The very existence of this book, notes Alarcón in his introduction, is remarkable—perhaps more so than what is in it. As a Colombian native who established herself as a painter in Europe, Reyes didn’t know how to read or write when most of the events occurred. She never knew her father and didn’t know her mother was her mother. One day, a boy “asked me if I had a dad and a mom, and I asked him what those were, and he said he didn’t know either.” Reyes spent much of her early life locked in rooms, watched by no one, even taking care of the infant son born to the woman she didn’t know was her mother—until the woman abandoned that boy when the author was 4: “That day remains, without a doubt, the cruelest of my life.” Reyes and her sister would soon be next, reluctantly taken in by a convent, where they were continually questioned about their lineage; if they had been born in sin, they couldn’t be baptized, confirmed, and saved. But they could be exploited, made to do the work that was beneath the others and accepting their fate “because we were daughters of the street, because we were poor, because we were stupid, despicable, pitiful beings.” Reyes spent 15 formative years there, praying in a Latin she didn’t understand but was forced to memorize in order to escape a hell that seemed all too real.
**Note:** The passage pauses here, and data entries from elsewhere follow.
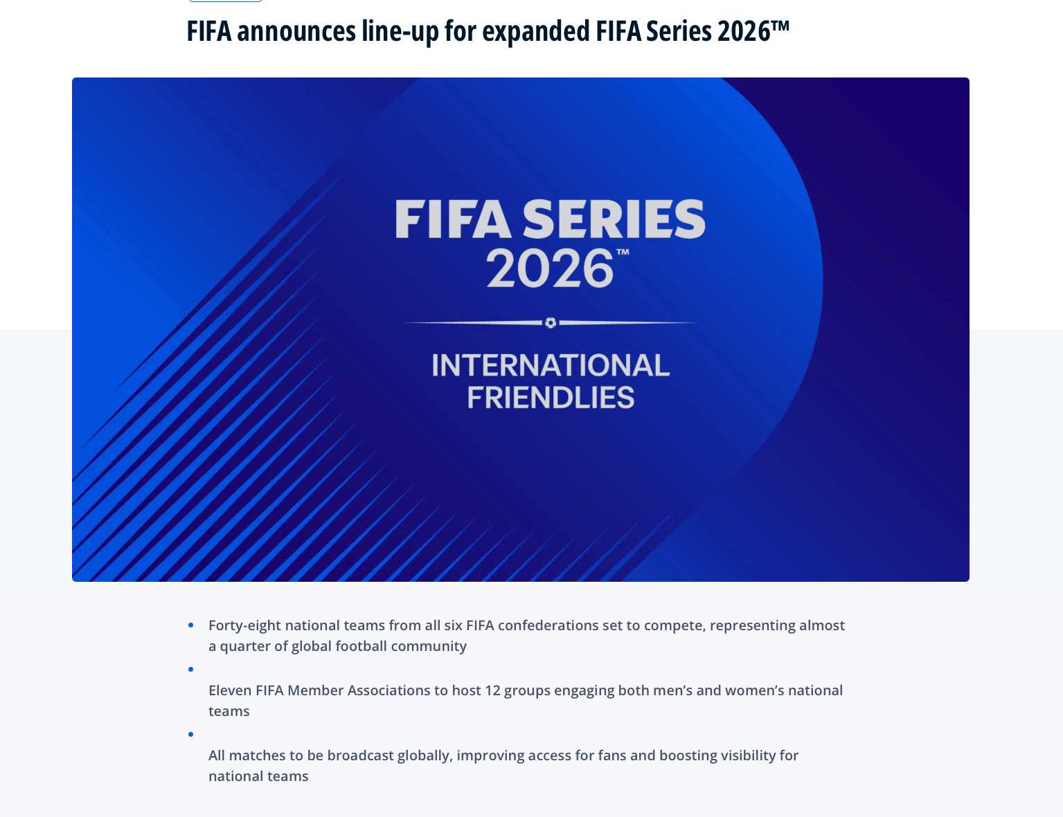 另外这项赛事在不增加国际比赛日负担的前提下,还将为许多国家队提供跨大洲竞技的机会,同时推动各队的技术提升、组织发展和全球交流。
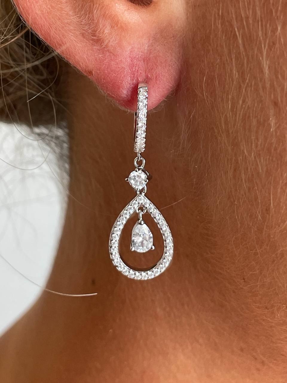 Long Corsica earrings in sterling silver with cubic zirconia.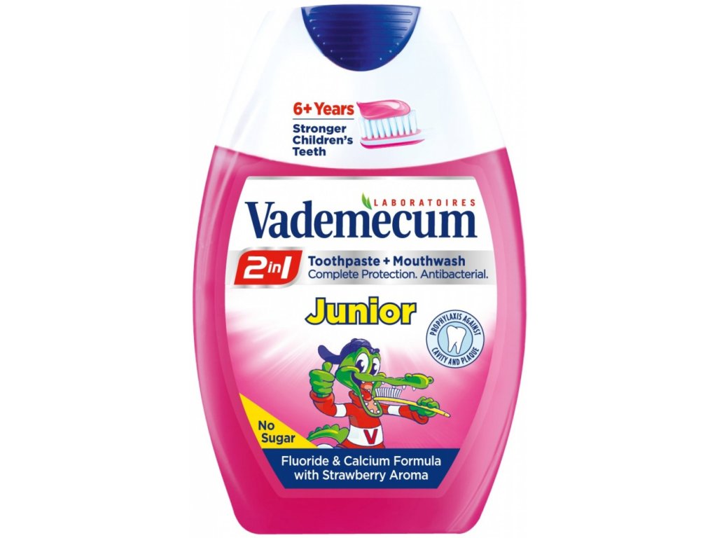 Vademecum 2u1 Junior pasta za zube i vodica za ispiranje usta za potpunu zaštitu od karijesa, plaka, kamenca i problema s desnima. Posebno razvijena za djecu od 6 godina.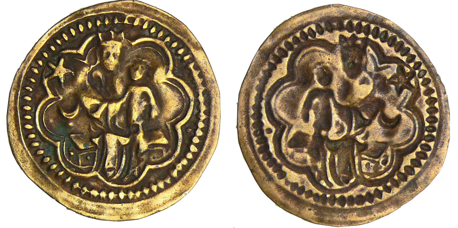 La Vierge assise de face tenant un enfant, à gauche une étoile.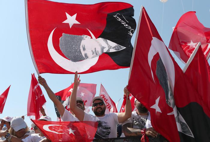 ISTANBUL – Centinaia di migliaia di persone sono scese in piazza a Istanbul per la manifestazione che conclude la “marcia per la giustizia” partita 25 giorni fa dalla capitale turca Ankara per iniziativa del partito Chp, principale forza di opposizione al presidente Recep Tayyip Erdogan. “Questo 9 luglio è un primo passo e una rinascita per la Turchia”, ha detto Kemal Kilicdaroglu leader di Chp accolto da un tripudio di vessilli turchi e bandiere con il volto di Ataturk.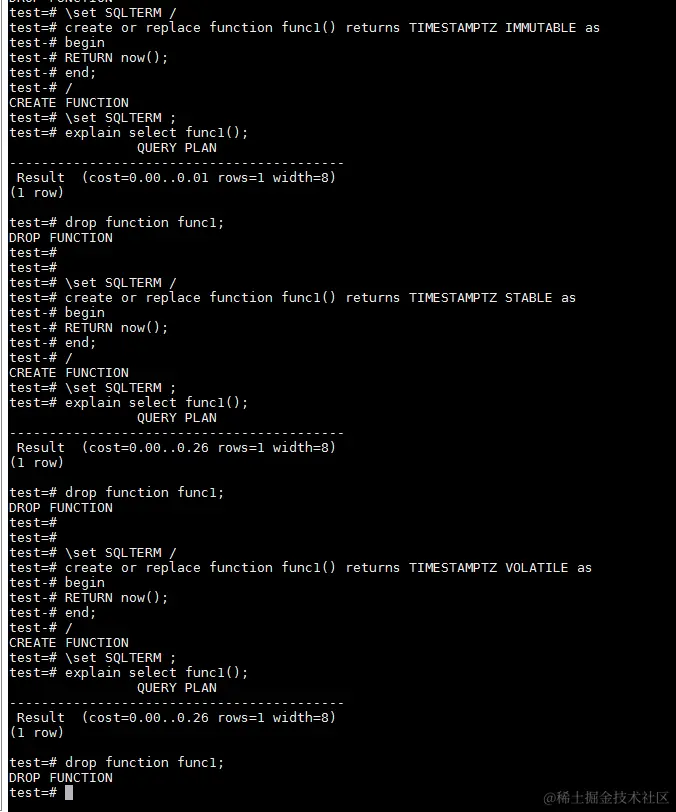 将它分别标记为IMMUTABLE、STABLE、VOLATILE并执行:

The memoir ends on the verge of her leaving, giving no hint of the extraordinary life that would involve close friendships with Diego Rivera and Frida Kahlo, “as part of a Latin American and European cultural elite.” She mesmerized her friends with stories of her childhood, and one of them suggested that she write them down. This book is the result, posthumously published in 2012 to great acclaim in her native Colombia.

An unsentimental and inspiring depiction of rising out of atrocious circumstances.